Visual Confirmation Bias


Nice term, Paul. Very impressive. Very scientific.

And original. Well, at least I’ve never seen it before so I’m going to claim it as my own.

Visual Confirmation Bias (VCB) is a variation on confirmation bias that postulates that your brain causes audio gear, particularly speakers, to sound the way they look.

I came up with this idea a week ago when I got my new (used) KEF LS50s. (Note: I’m sure that dozens of people have been talking about VCB for a hundred years. I’m not particularly interested in who preceded me but raising points like that is one of the reasons that this forum exists.)


I had read lots about the speaker and I was expecting accuracy and soundstage precision. Their rich, full sound surprised me. These were not adjectives that were usually attached to these speakers.

I’ve been obsessed with these speakers for the past week, reading about them constantly. I find myself most in agreement with The Absolute Sound, which described the speakers—just after they were released—as possessing a “prevailing sweetness, a harmonic saturation that lends it a dark, velvety overall character, and a bloom that is so pleasing that I began affectionately dubbing it the butterscotch sundae of small monitors.”


But in the years that followed, listener after listener reported a “hard” “bright” sound. And when I look at the speaker, those words make complete sense. A tiny metallic driver in a small box? They look tinny and bright so no wonder some people hear that.

My own strongest experience with VCB: Many years ago, on the pretense of looking for a CD player, I walked into Sound By Singer at its old 16th St. location. After just enough feigned interest, I asked the salesman to listen to something “really pornographic.”

Surprisingly, he was happy to take me into one of the listening rooms. The only specific piece of equipment I remember was a pair of Wilson Speakers. I don’t know which model but they were white and just over six feet tall. Each the size of a restaurant-grade refrigerator. They were somewhere in the neighborhood of $250,000.

Then I settled into the listening chair as the salesman started turning stuff on. Preamp, monoblock, monoblock, God knows what else. I just remember him throwing switch after switch. I have to believe all that gear equaled the price of the speakers.

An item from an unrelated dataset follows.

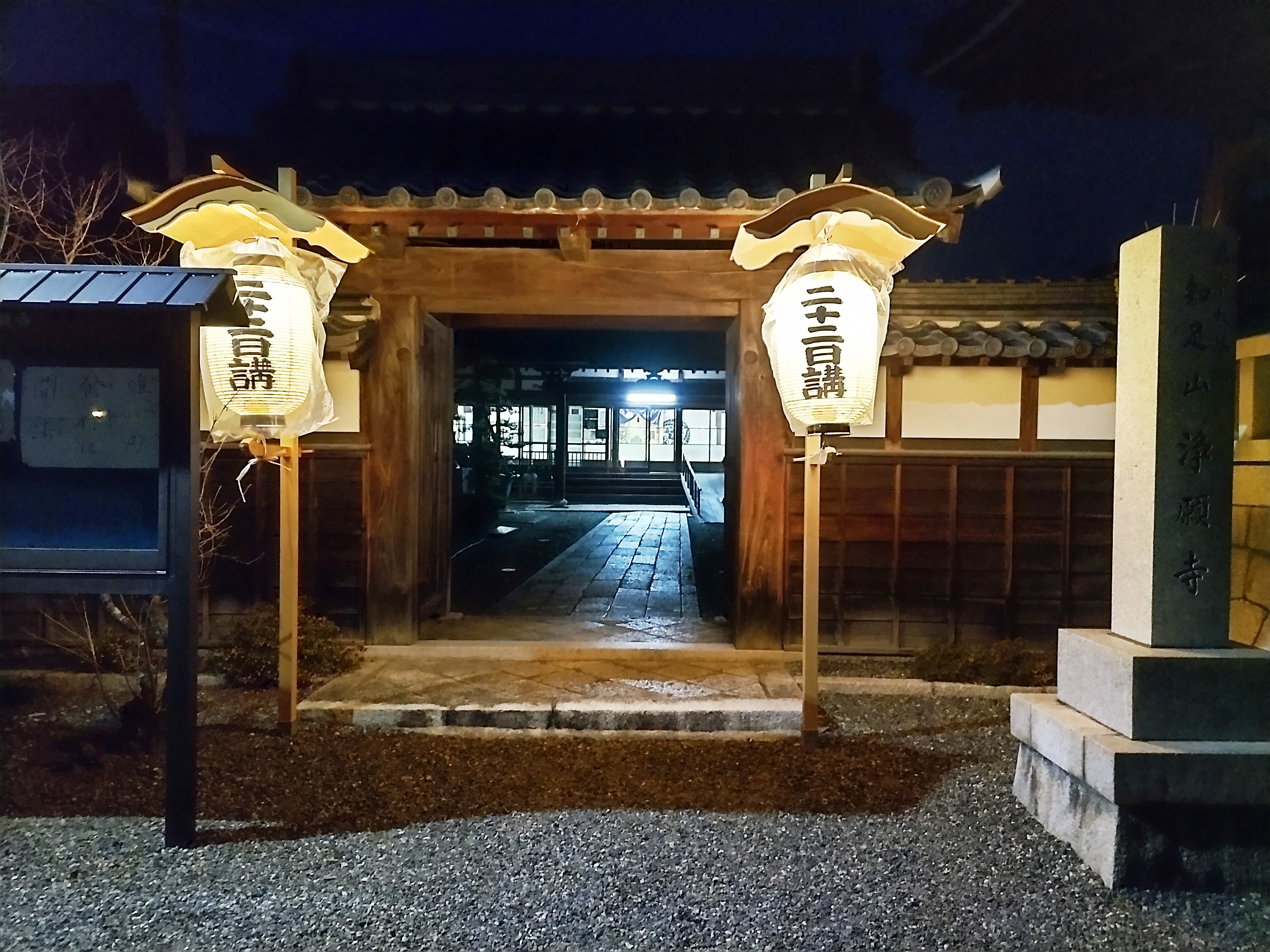 ↑お宿の浄願寺に提灯(夜)

If ever a system should have disappeared, it was this one. If ever the music should have been revealed to me, it was now. But even with my eyes closed, all I could see—and all I could hear—were these huge speakers looming over me. They could not have been more present in my listening experience.

Visual confirmation bias kept me from enjoying the finest pair of speakers that I’ll probably ever hear. The phenomenon is not to be underestimated.
paul6001
Unfortunately, my apartment is so small there’s no room for a sub. Although maybe the bathroom . . .

Actually, I find that I get the best out of the LS50s by playing “Singles Going Steady” by The Buzzcocks LOUD. Or at “elevated SPLs” as some might put it.

Opening with “Orgasm Addict” it’s one hit after another. You won’t believe how the songs come back to you. This is the real sound of ‘77.

The running length of the first five songs of the first five songs: 2:00, 2:52, 2:16, 1:47, 2:39. Even the Ramones have to envy that.
My audio room look like an atrocious mess created by a mad scientist.... Nothing is beautiful....

No confirmation visual bias here....

But a sound that is better to my ears than anything i ever listen to in the past and better than many 5 or 6 figure system in bad room on youtube...

The secret : Controlling the mechanical,electrical and acoustical working dimensions.... The 3 embeddings of the system.... Keep the esthetic, i cannot afford his price anyway, i will keep my audio room and my out of this world S.Q. at peanuts costs...

😁😊😎
Congrats to the OP for recognizing he is human! Lots of people with the disease of audiophilism are unable to recognize that their perception is subject to the human frailties of both conscious and unconscious bias. 

“Singles Going Steady” is a great LP that I haven't listened to in 40 years. Time to pull that one out of the vinyl archives...thanks!